Activity: Exactly the lines from the one holding "辛勤耕耘,終有收獲。近年來,公司經(jī" through the last line of the listing below must appear in the answer, and no pictures.

╭──

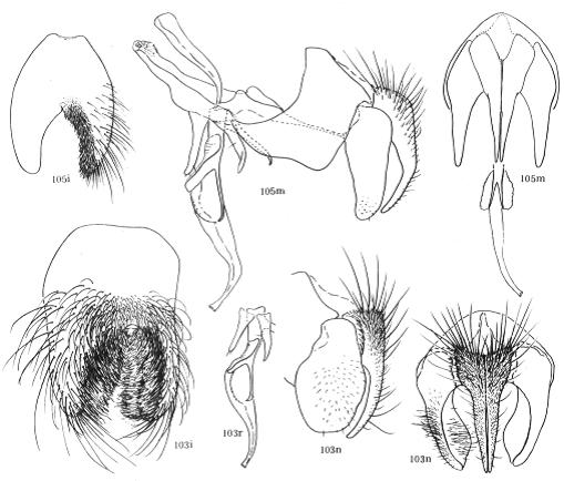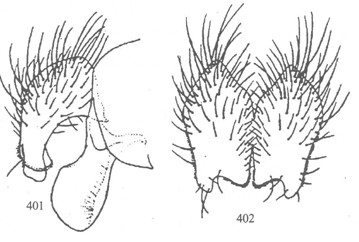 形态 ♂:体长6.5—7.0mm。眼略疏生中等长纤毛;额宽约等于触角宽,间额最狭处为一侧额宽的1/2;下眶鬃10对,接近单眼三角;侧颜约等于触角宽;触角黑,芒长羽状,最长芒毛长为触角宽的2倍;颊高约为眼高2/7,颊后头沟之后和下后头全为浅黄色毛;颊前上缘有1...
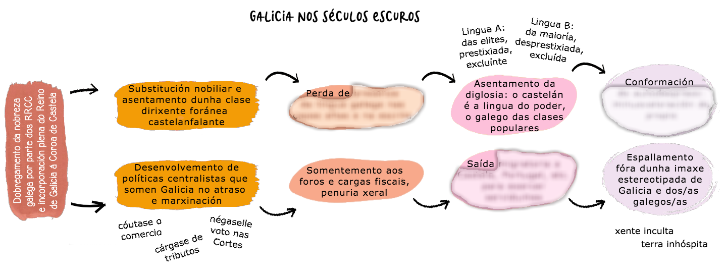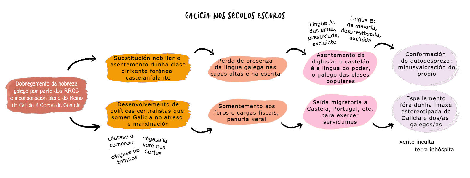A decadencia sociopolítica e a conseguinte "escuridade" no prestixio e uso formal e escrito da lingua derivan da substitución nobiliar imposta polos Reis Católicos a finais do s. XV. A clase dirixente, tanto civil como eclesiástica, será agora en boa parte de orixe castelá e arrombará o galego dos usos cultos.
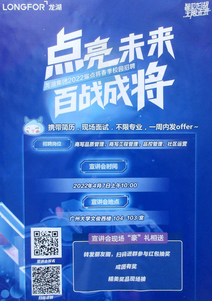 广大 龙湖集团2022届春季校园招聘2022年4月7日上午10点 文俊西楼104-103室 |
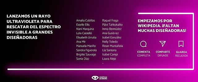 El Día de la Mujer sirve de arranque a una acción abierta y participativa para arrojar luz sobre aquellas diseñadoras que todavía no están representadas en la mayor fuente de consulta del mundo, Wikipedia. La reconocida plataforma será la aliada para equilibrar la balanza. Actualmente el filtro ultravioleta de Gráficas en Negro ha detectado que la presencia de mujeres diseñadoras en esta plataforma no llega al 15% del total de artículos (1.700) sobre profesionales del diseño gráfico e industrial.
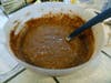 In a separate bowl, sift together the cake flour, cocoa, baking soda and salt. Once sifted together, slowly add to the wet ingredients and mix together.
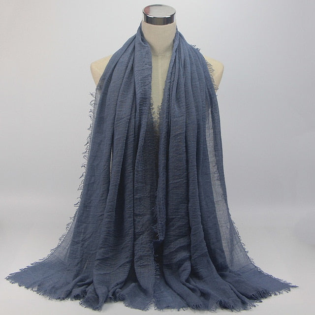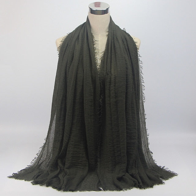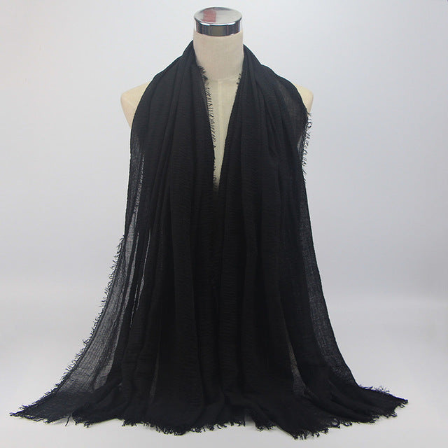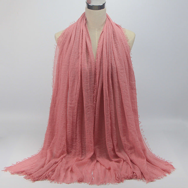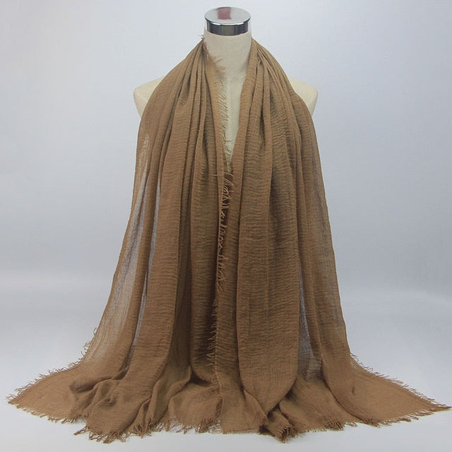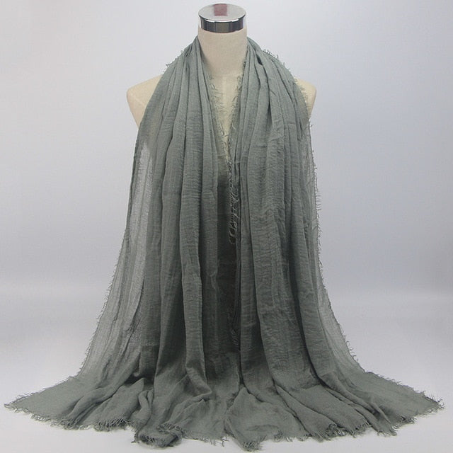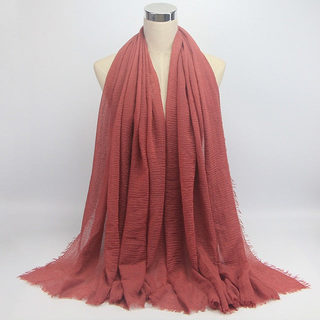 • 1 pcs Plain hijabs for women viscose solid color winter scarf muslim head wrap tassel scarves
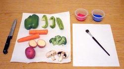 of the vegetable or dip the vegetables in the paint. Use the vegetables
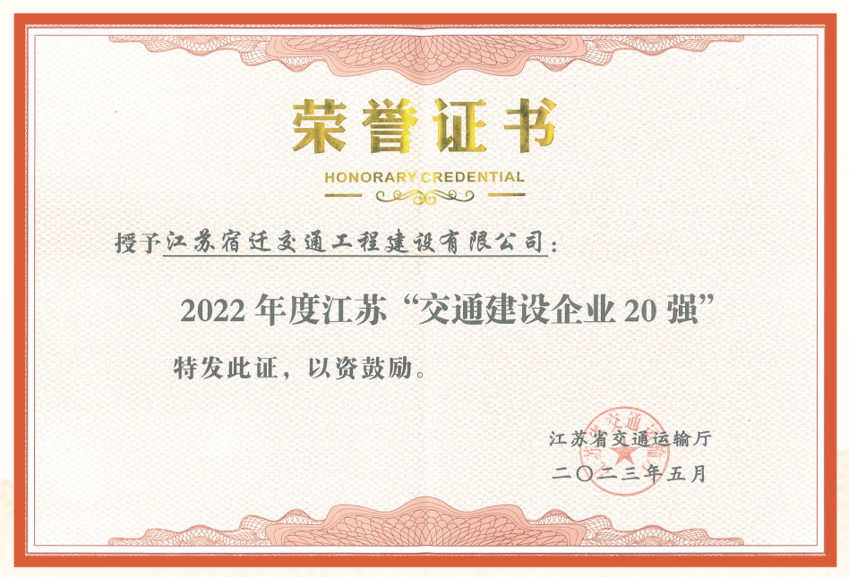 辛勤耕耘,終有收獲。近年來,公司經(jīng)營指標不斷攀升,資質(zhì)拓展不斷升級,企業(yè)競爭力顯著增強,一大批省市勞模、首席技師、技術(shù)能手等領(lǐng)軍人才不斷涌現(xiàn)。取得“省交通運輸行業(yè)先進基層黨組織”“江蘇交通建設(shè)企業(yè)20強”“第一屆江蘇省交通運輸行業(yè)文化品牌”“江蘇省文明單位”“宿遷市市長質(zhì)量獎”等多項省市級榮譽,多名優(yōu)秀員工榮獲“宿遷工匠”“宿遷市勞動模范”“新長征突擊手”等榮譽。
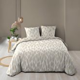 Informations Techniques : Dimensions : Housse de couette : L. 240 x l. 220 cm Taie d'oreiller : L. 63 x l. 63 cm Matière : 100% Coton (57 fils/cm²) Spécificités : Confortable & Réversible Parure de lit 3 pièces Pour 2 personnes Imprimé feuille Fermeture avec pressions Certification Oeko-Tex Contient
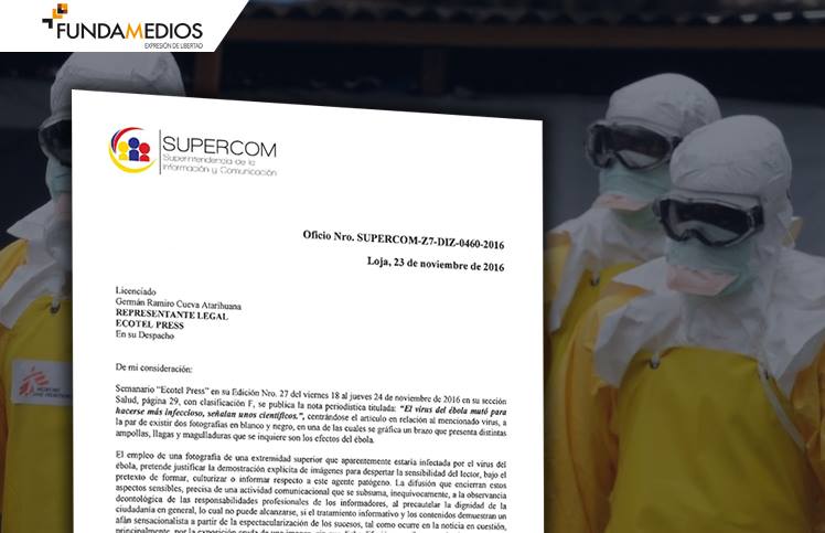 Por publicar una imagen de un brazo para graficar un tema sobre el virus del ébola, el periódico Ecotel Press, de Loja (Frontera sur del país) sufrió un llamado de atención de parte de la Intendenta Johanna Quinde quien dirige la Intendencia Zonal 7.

╰──

Answer box:
 辛勤耕耘,終有收獲。近年來,公司經(jīng)營指標不斷攀升,資質(zhì)拓展不斷升級,企業(yè)競爭力顯著增強,一大批省市勞模、首席技師、技術(shù)能手等領(lǐng)軍人才不斷涌現(xiàn)。取得“省交通運輸行業(yè)先進基層黨組織”“江蘇交通建設(shè)企業(yè)20強”“第一屆江蘇省交通運輸行業(yè)文化品牌”“江蘇省文明單位”“宿遷市市長質(zhì)量獎”等多項省市級榮譽,多名優(yōu)秀員工榮獲“宿遷工匠”“宿遷市勞動模范”“新長征突擊手”等榮譽。
 Informations Techniques : Dimensions : Housse de couette : L. 240 x l. 220 cm Taie d'oreiller : L. 63 x l. 63 cm Matière : 100% Coton (57 fils/cm²) Spécificités : Confortable & Réversible Parure de lit 3 pièces Pour 2 personnes Imprimé feuille Fermeture avec pressions Certification Oeko-Tex Contient
 Por publicar una imagen de un brazo para graficar un tema sobre el virus del ébola, el periódico Ecotel Press, de Loja (Frontera sur del país) sufrió un llamado de atención de parte de la Intendenta Johanna Quinde quien dirige la Intendencia Zonal 7.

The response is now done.